Here is the cure, I think:

  • Cultivate curiosity.  We need to be people who want to know more fully. We need to encourage those who are willing to ask for the reasons behind the simple answers.  When people have explored the alternatives and returned unsatisfied with other options; when they know why the answer is correct, then the solution is gold plated.
  • Cultivate wisdom. Some things have to be decided quickly -- We don't want our metaphorical Emergency Room docs to ponder the nature of blood before sewing a stitch.  But we need to be prepared for better than Band Aid answers by discovery and experience before the high stakes stuff stares us in the face.  We need to hang out with wise people, and build wide networks that will teach us more than we know.
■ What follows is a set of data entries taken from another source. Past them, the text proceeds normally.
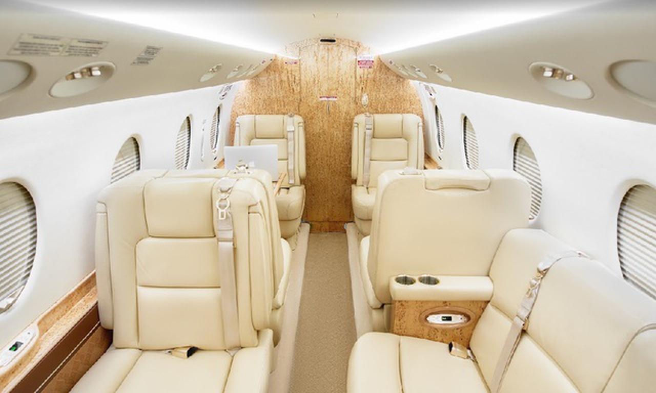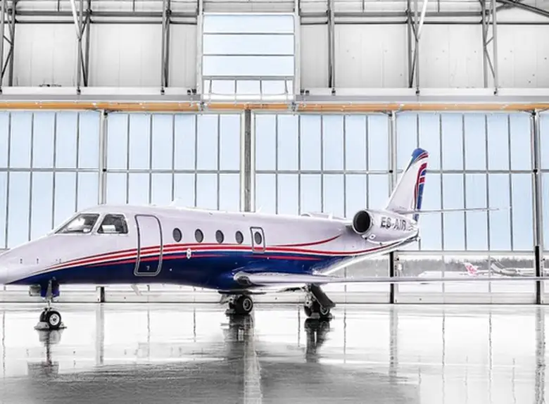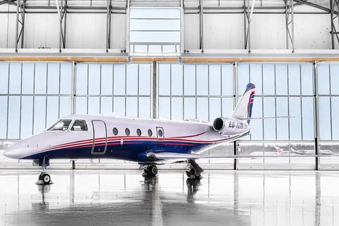 Gulfstream G150 ES-AIR accommodates up to 7 passengers. The baggage compartment volume of 1.6 m³ can hold up to 4 large suitcases . The maximum flight range reaches 5467 km, depending on payload and weather conditions.
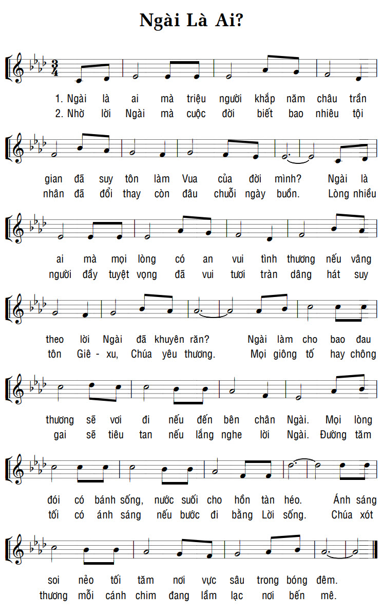 1. Ngài là ai mà triệu người khắp năm châu trần gian đã suy tôn làm Vua của đời mình? Ngài là ai mà mọi lòng có an vui tình thương nếu vâng theo lời Ngài đã khuyên răn? Ngài làm cho bao đau thương sẽ vơi đi nếu đến bên chân Ngài. Mọi lòng đói có bánh sống, nước suối cho hồn tàn héo. Ánh sáng soi nẻo tối tăm nơi vực sâu trong bóng đêm. 2. Nhờ lời Ngài mà cuộc đời biết bao nhiêu tội nhân đã đổi thay còn đâu chuỗi ngày buồn. Lòng nhiều người đầy tuyệt vọng đã vui tươi tràn dâng hát suy tôn Giê-xu, Chúa yêu thương. Mọi giông tố hay chông gai sẽ tiêu tan nếu lắng nghe lời Ngài. Đường tăm tối có ánh sáng nếu bước đi bằng Lời sống. Chúa xót thương mỗi cánh chim đang lầm lạc nơi bến mê.
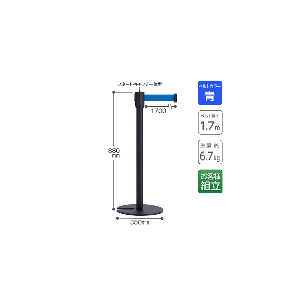 商品説明:サインモールオリジナル ローコスト ベルトパーテーション ブルー 黒スチール (SM-BP-103)
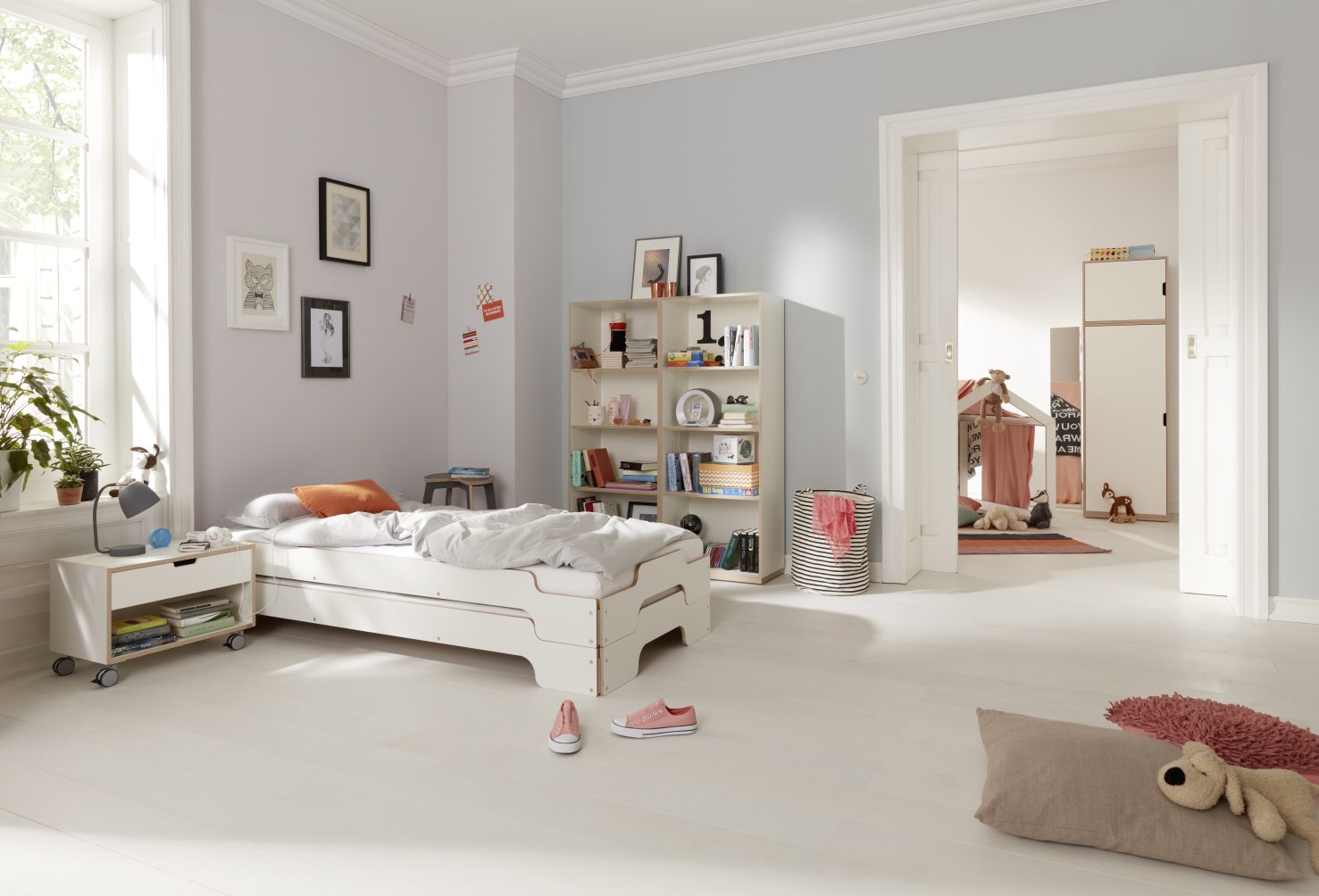 Weiße Stapelliege von Müller Möbelwerkstätten mit Komfortmatratze, modernes Design für Kinder- und Jugendzimmer.
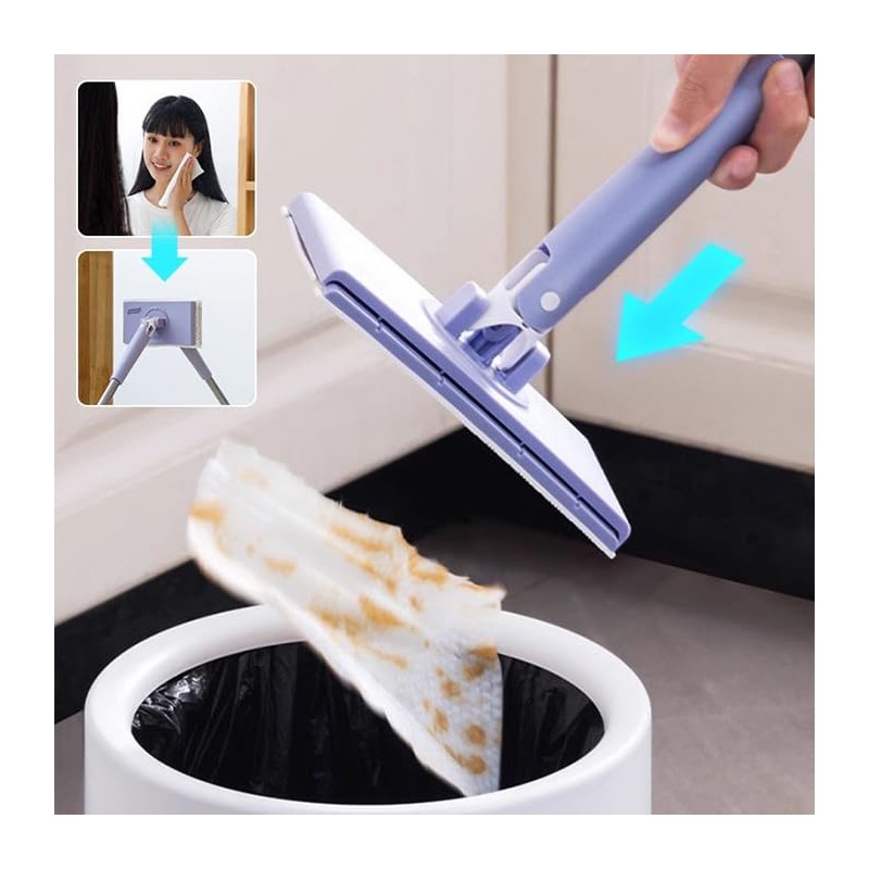 Mini Mop - The Game-Changer,Clip-on mop,Automatic Cloth Changing Mini Mop, Automatic Cloth Changing,360°Rotating Head Push-Pull Handle Design for Kitchen,Bathroom (Blue)
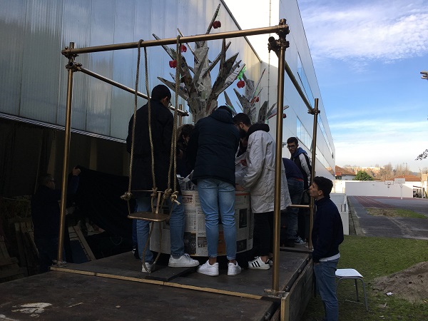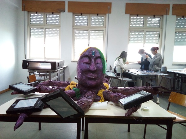 Os objetivos da atividade: 1. Perceber a importância da investigação numa criação original; desenvolver um projeto como antevisão de uma construção; executar a construção de um projeto. Começamos por estudar a temática no contexto da religião e o seu reflexo numa lenda popular, descodificando os seus elementos e personagens aglutinadores de uma história: a árvore, a maçã, o "Eden" (paraíso), o Adão e a Eva. Na construção de um ambiente cénico/teatral os elementos são tratados de forma ilustrativa dos ambientes e os personagens decorados conforme o enredo de uma ficção. A atividade decorreu com o sucesso limitado à qualidade dos meios e os alunos envolveram-se de forma satisfatória.  Foram usados esferovite, cola, jornais, garrafas de plástico, ferro, tintas, leds e ferragens.
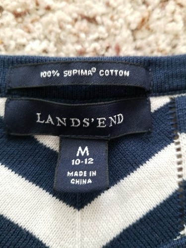Lands’ End Women’s Chevron Stripe Sweater Cardigan Cotton Navy/White Med (10-12)
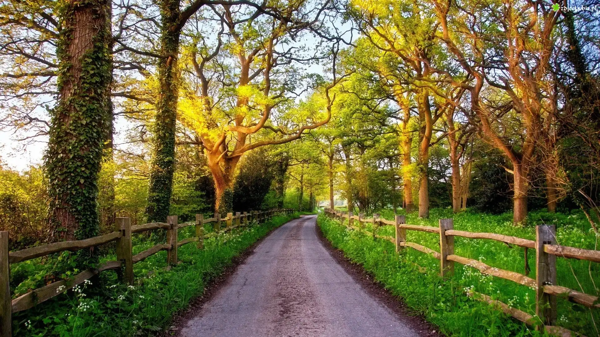 Zdjęcie Droga, Drzewa, Płot, Przebijające, Światło, Wiosna
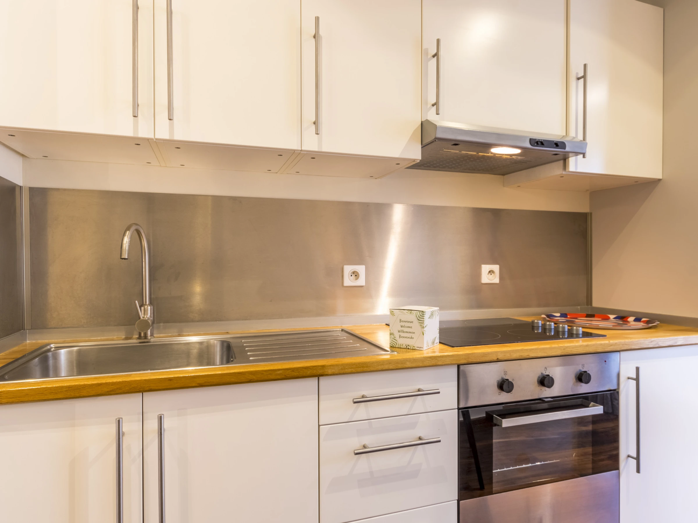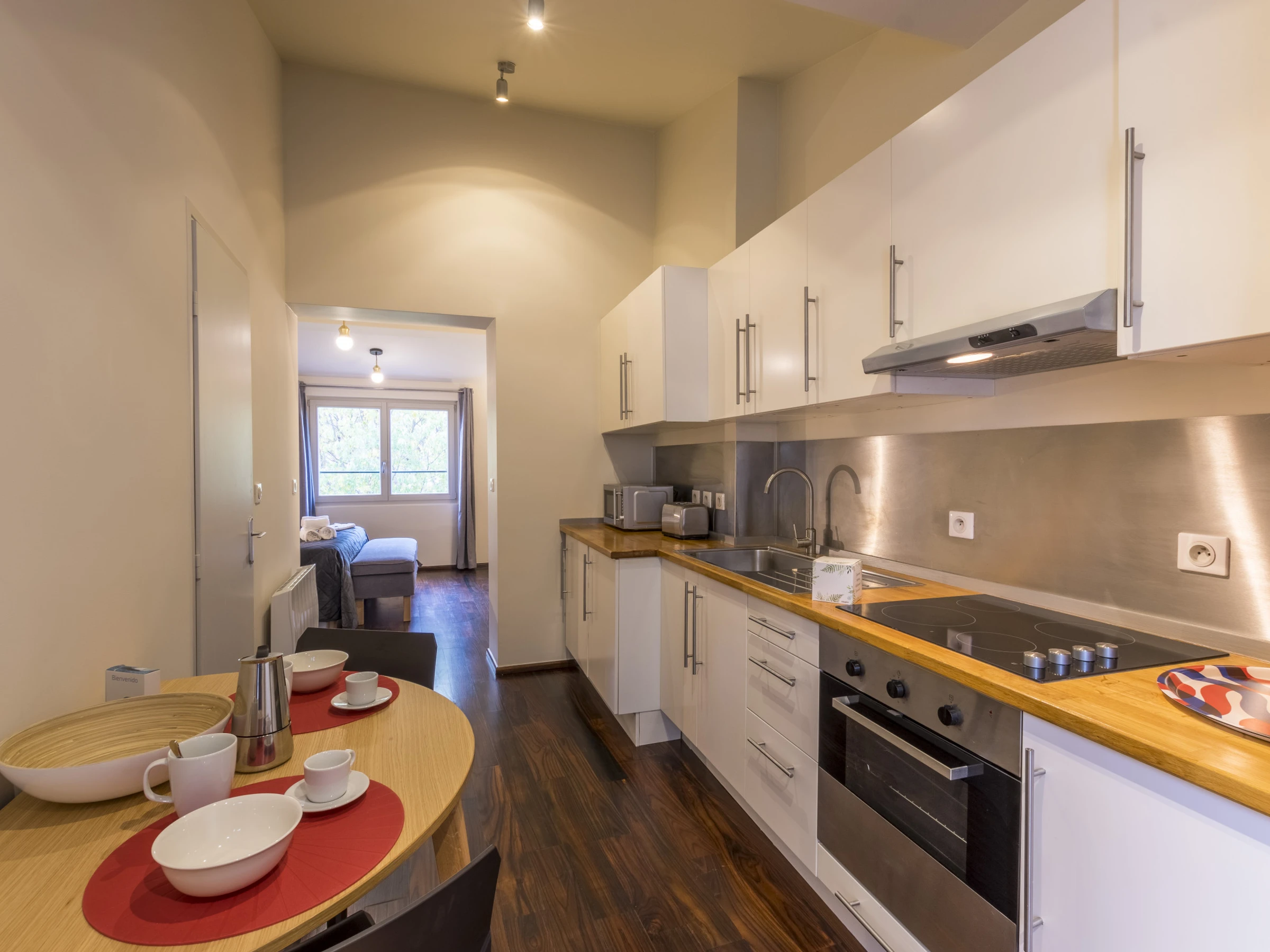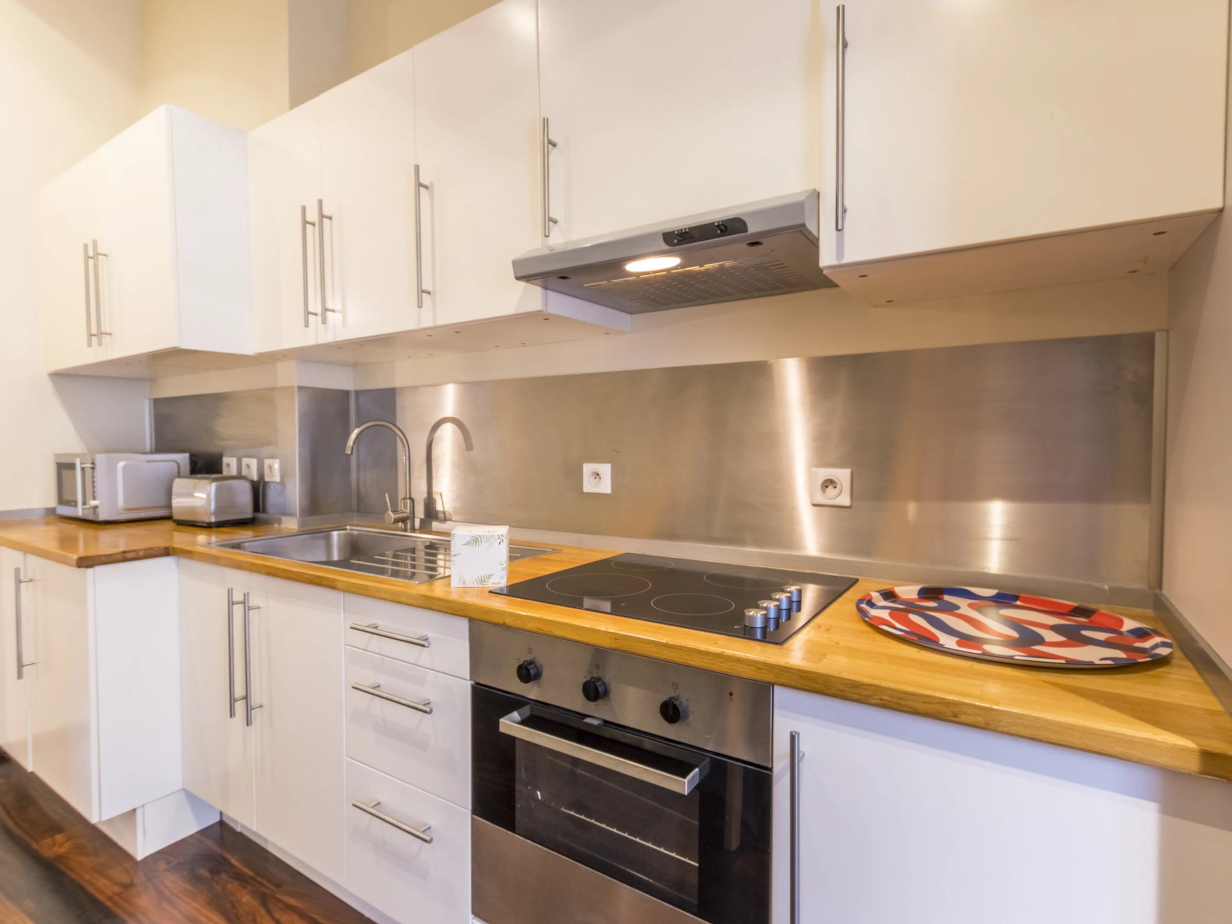 L'autre partie du logement est dédié à une spacieuse cuisine américaine entièrement équipée avec des équipements de qualité.
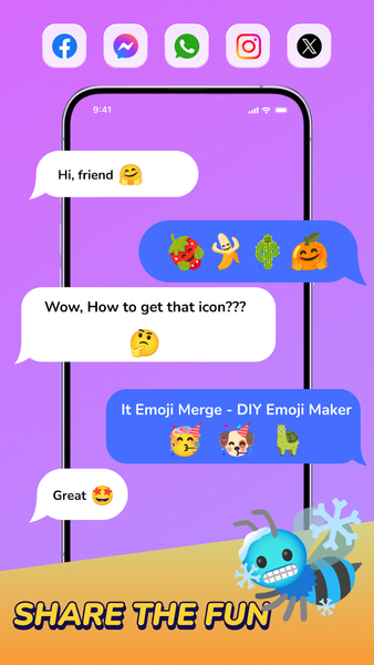 With Emoji Merge - DIY Emoji Maker, you'll experience the excitement of creating entirely new, unique, and fun emojis by combining your two favorite emojis. Emoji Merge - DIY Emoji Maker offers you hundreds of creative possibilities and over 50,000+ combined emojis to explore and share Emoji kitchen with your friends!
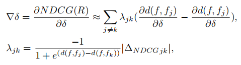 其中|∆NDCGij|是NDCG度量的变化,如果交换第i和第j个引用的位置的话。
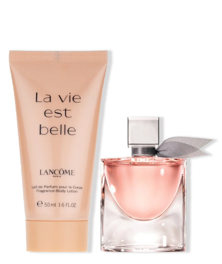 Por compras superiores a 50€ en productos de Lancôme, llévate de regalo este exclusivo set que incluye la miniatura de la fragancia de La Vie est Belle de 4 ml y el body lotion de 50 ml de la misma fragancia.
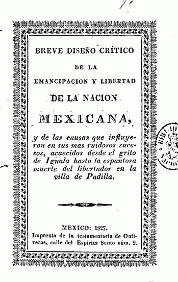 Breve diseño crítico de la emancipacion y libertad de la Nacion Mexicana, y de las causas que influyeron en sus mas ruidosos sucesos, acaecidos desde el grito de Iguala hasta la espantosa muerte del libertador en la villa de Padilla [Texto impreso] [por el Editor mexicano]
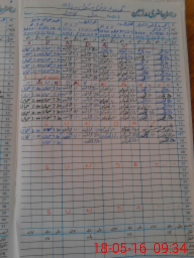 | CNIC | Full Name | Designation | R/C | Absence During Last Calender Month |
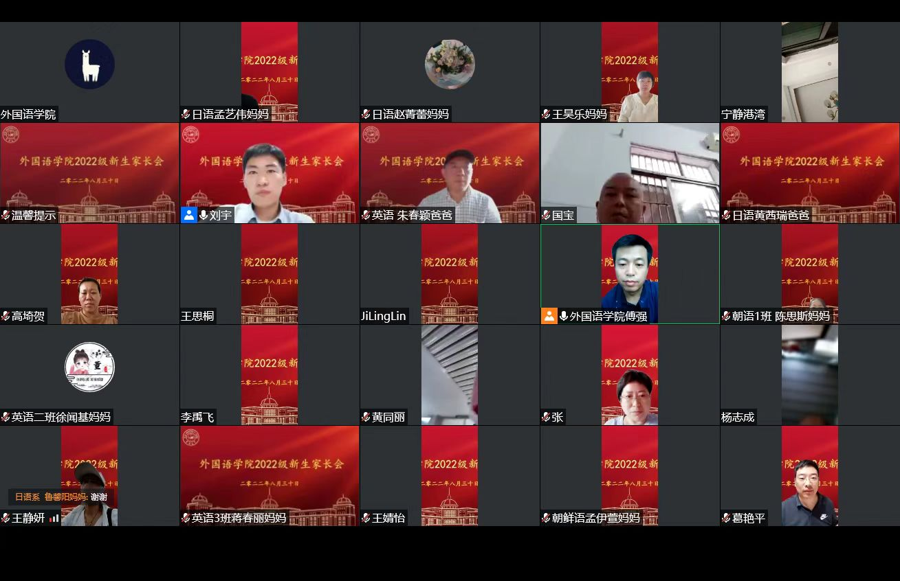 党委副书记、副院长傅强出席,家长会由2022级辅导员刘宇老师主持,200余名新生家长线上参加会议。

  • Cultivate courage.  I don't mean bravado; I mean the humility to test our convictions. I met a young man recently who was convinced that he should become a pastor.  I asked him if he was convinced enough that he would be willing to explore other options.  The inference was that if he should  be a pastor, then there was no risk to exploring other options to confirm his call.  He was less than enthusiastic.  But wouldn't his conviction be stronger if he had explored the possibility that he was initially wrong and then convinced himself that he was in fact right?  Courage in this sense is the cousin of humility, openness, and teach-ability.  It takes courage to consider that there may be a better answer than the one we have committed ourselves to follow.
I am convinced that curiosity, wisdom, and courage are the new currency of affluence.  I suppose that you could consider this a kind of three part posture. The consequence of living in a way that practices curiosity, builds wisdom, and lives with humble courage is that empty satisfaction of the first answers will eventually be replaced by fuller and more complete understanding.

As parents, as leaders, as influencers, we can set the tone and the pace that encourages these traits. Perhaps we need to be more thoughtful about the experiences and training and protection we offer your children and our protégés.  Are we cultivating a hunger that is not satisfied by the fast food of the first answer?  Or are we sending our kids after the french fries of simple and incomplete conclusions?